Dans
cette perspective, le summum de l’artiste « libre » serait donc le type qui n’a
jamais eu à vendre ses oeuvres sur le marché et qui enseigne dans le secteur
public. Il n’a pas à se préoccuper de ce que les consommateurs veulent et ne
fait uniquement que ce qu’il lui plaît. Évidemment, il n’y a rien de mal à ne
faire que ce qui nous plaît, tant et aussi longtemps que cela n’implique pas une
tierce partie – en l’occurrence, les contribuables.
Comme il n’a pas à
satisfaire les goûts d’éventuels clients, mais doit faire affaire avec des
fonctionnaires dont le mandat est de redistribuer la richesse à partir de
critères préétablis, notre artiste « libre » vit souvent dans une bulle. En
résultent des séries de monochromes, de la poésie incompréhensible, des
installations bidon, des symphonies cacophoniques… autant de biens culturels
donc seule une infime partie de personnes « éclairées » (et souvent en
moyen) veulent.
Encore une fois, qu’une
artiste réalise ce genre d’oeuvres hermétiques et qu’elle les finance avec son
argent – ou celui de sa blonde –, personne n’a rien à redire. Le problème est
que
plusieurs artistes le font aux frais de contribuables qui: 1) l’ignorent; 2)
n’entreront jamais en contact avec leurs « oeuvres »; et 3) n’en voudraient pas
même si on leur offrait ces oeuvres gratuitement.
Vous
voulez voir à quoi ressemble un artiste réellement libre? Rendez-vous sur
le moteur de recherche le plus près de chez vous et tapez « Christo ».
Vous le connaissez peut-être. Reconnu internationalement, le natif de Bulgarie a
passé plus de 40 ans à emballer des édifices ou d’énormes structures (le
Pont-Neuf à Paris, une allée de
Central Park à New York, ou le
Reichstag à Berlin, pour ne nommer que ceux-là) de toiles de couleurs vives.
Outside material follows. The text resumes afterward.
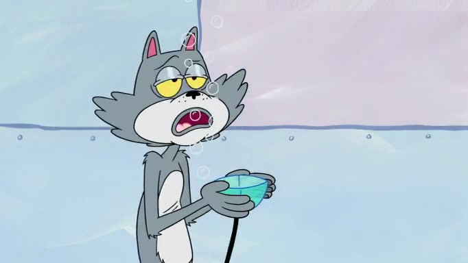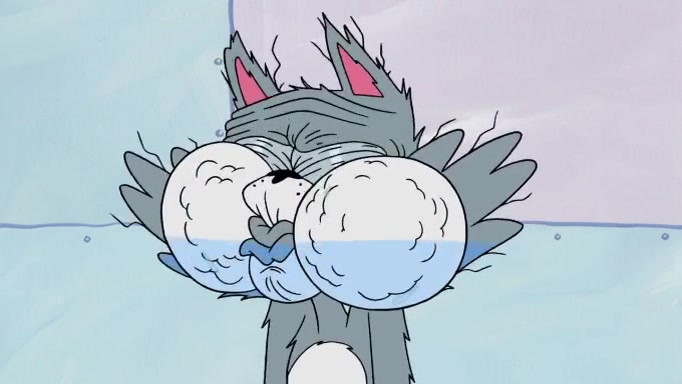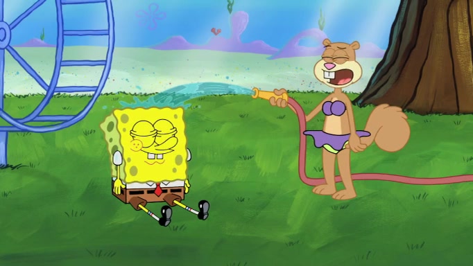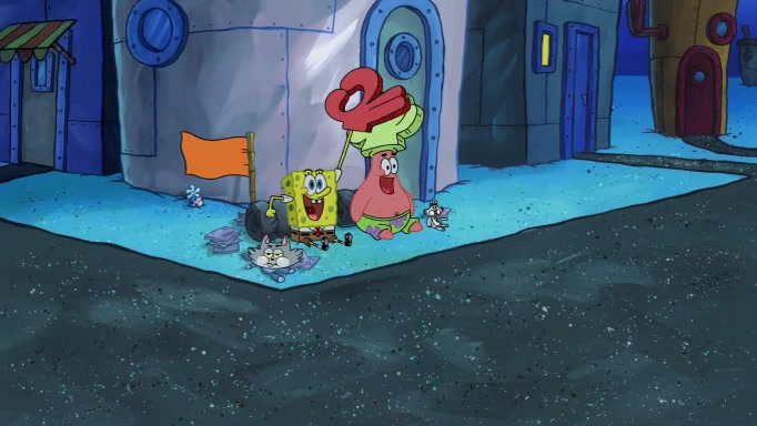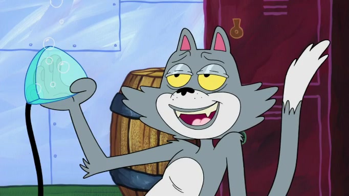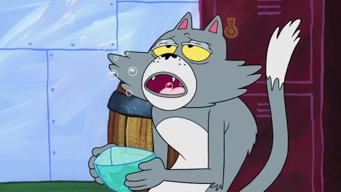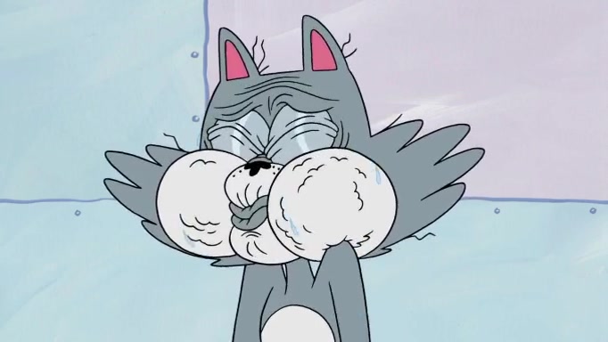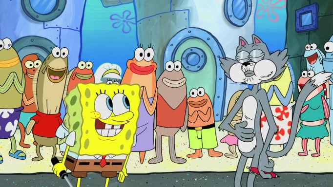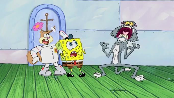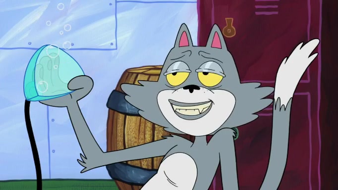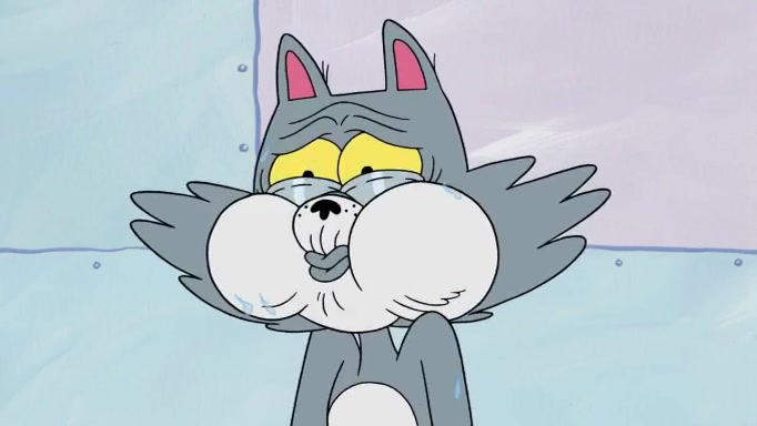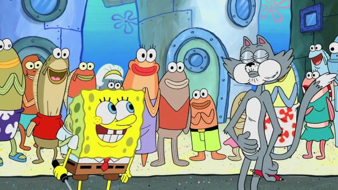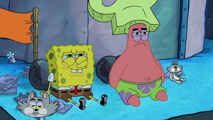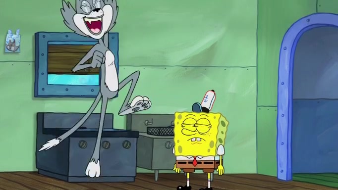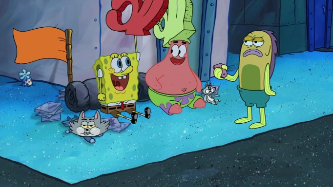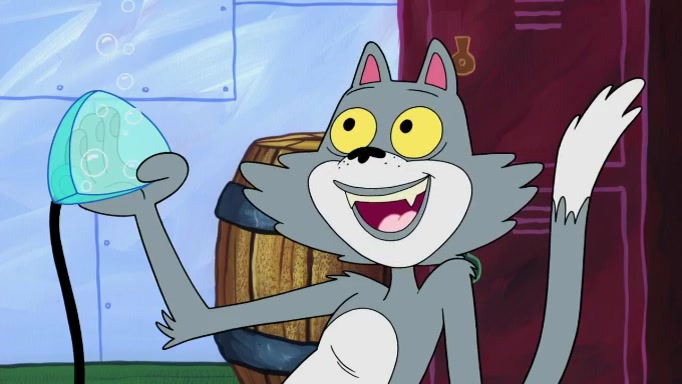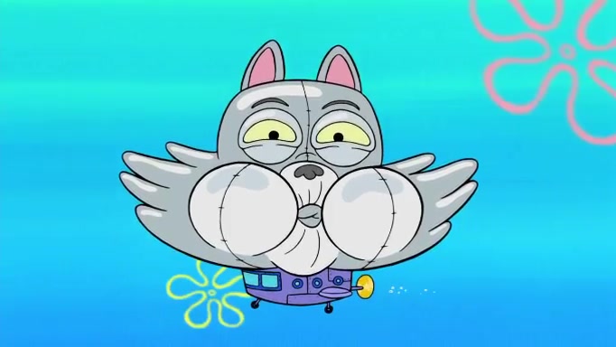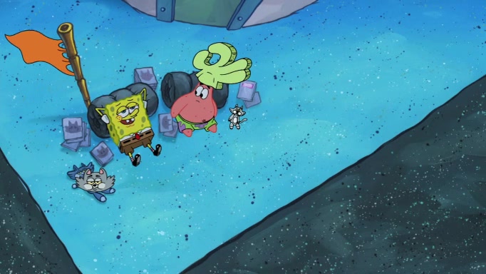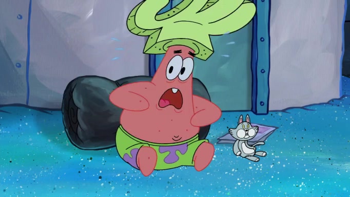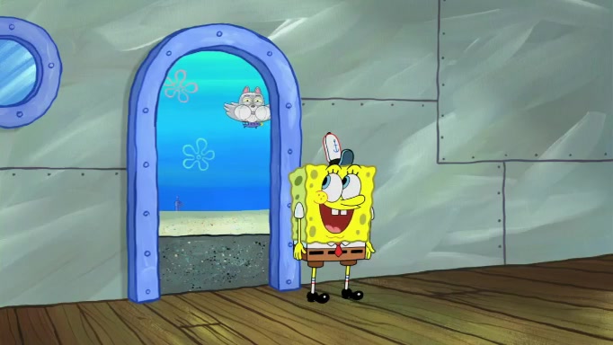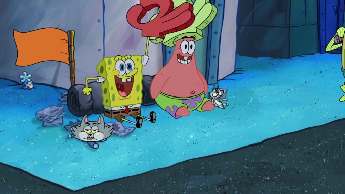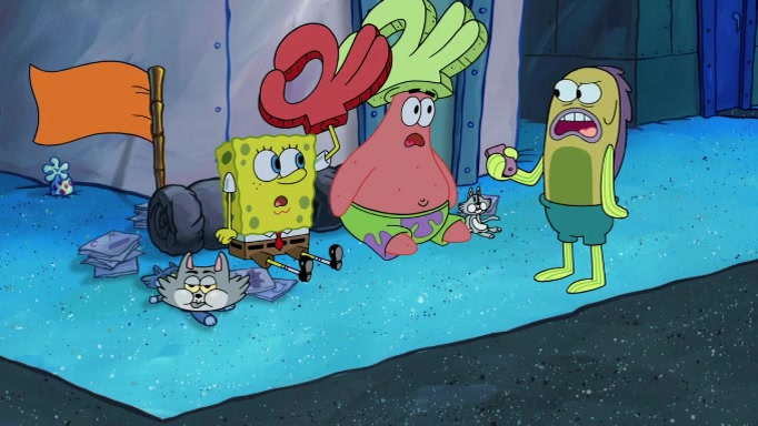However, SpongeBob decides to help Kenny by giving him a suit and helmet. He decides that Kenny should become a famous cat who lives underwater (like Sandy does). Kenny thanks SpongeBob for helping him, but sadly Sandy arrives, kicks Kenny and sends him back home to the surface. Sandy mentions that you can never trust a cat, but gets confused, saying, "Or is it a dog?" The episode then ends.

Avec son épouse Jeanne-Claude (maintenant décédée), il a créé des oeuvres
éphémères « célébrant la joie et la beauté », sans jamais exiger de prix
d’entrée pour le spectacle. Fait à noter: Christo et Jeanne-Claude n'ont jamais
accepté – et Christo dit qu’il n’acceptera jamais – de subventions, de
redevances, ou de commandites de toutes sortes pour créer leurs oeuvres. De
même, ils n’endossent aucune entreprise, produit, mouvement politique, autre
artiste, bref: rien ni personne.
« Toutes nos idées
sortent de notre tête et de notre coeur, affirmait Jeanne-Claude dans une
entrevue à La Presse en 2008. À ceux qui voudraient nous attirer dans
leur ville, nous répondons que la meilleure façon de tuer une bonne idée c'est
de nous la proposer. Nous voulons faire ce que nous voulons, comment nous le
voulons. Le seul élément sur lequel nous n'avons aucun contrôle c'est quand.
Pour le reste nous demeurons entièrement et totalement libres. » – ce qui est
une bonne chose, car un mégalomaire du type Régis Labeaume à Québec pourrait se
mettre en tête d’inviter l’artiste à venir emballer le Château Frontenac ou un
éventuel amphithéâtre (!) aux frais de ses concitoyens…
Il ne doit pas rouler sur
l’or, que vous vous dites? Eh bien détrompez-vous! Christo jongle avec les
millions. Comment fait-il? Tous ses revenus sont tirés de la vente de ses
oeuvres originales (croquis, photographies, plans) à des collectionneurs, des
galeries et des musées. Christo et Jeanne-Claude ont toujours maintenu une
position de liberté artistique totale, sans contraintes ou considérations
financières.
À titre
d’exemple, Christo travaille depuis une vingtaine d’années sur le projet
Over The River
(Au-dessus de la rivière). Il s’agit en gros de suspendre 5,9 milles
(9.65 Km) de panneaux de tissu transparent à 25 pieds (7.62 mètres) au-dessus
d’une portion de 42 milles (67.59 Km) de la rivière Arkansas située entre Salida
et Canon City, dans le centre-sud du Colorado.
Avant même d’avoir reçu
le feu vert des autorités locales, il a d’ores et déjà dépensé 7 millions de
dollars sur des éléments de logistique – permis, études, plans, etc. Si tout va
bien, il espère présenter Over The River pendant deux semaines
consécutives en août 2014. Le coût total de l’événement: environ 50 millions $
(ce qui comprend l’installation, la désinstallation, les différents services
durant l'exposition – le contrôle de la circulation, l'enlèvement des ordures,
la sécurité, les interventions d'urgence, etc.).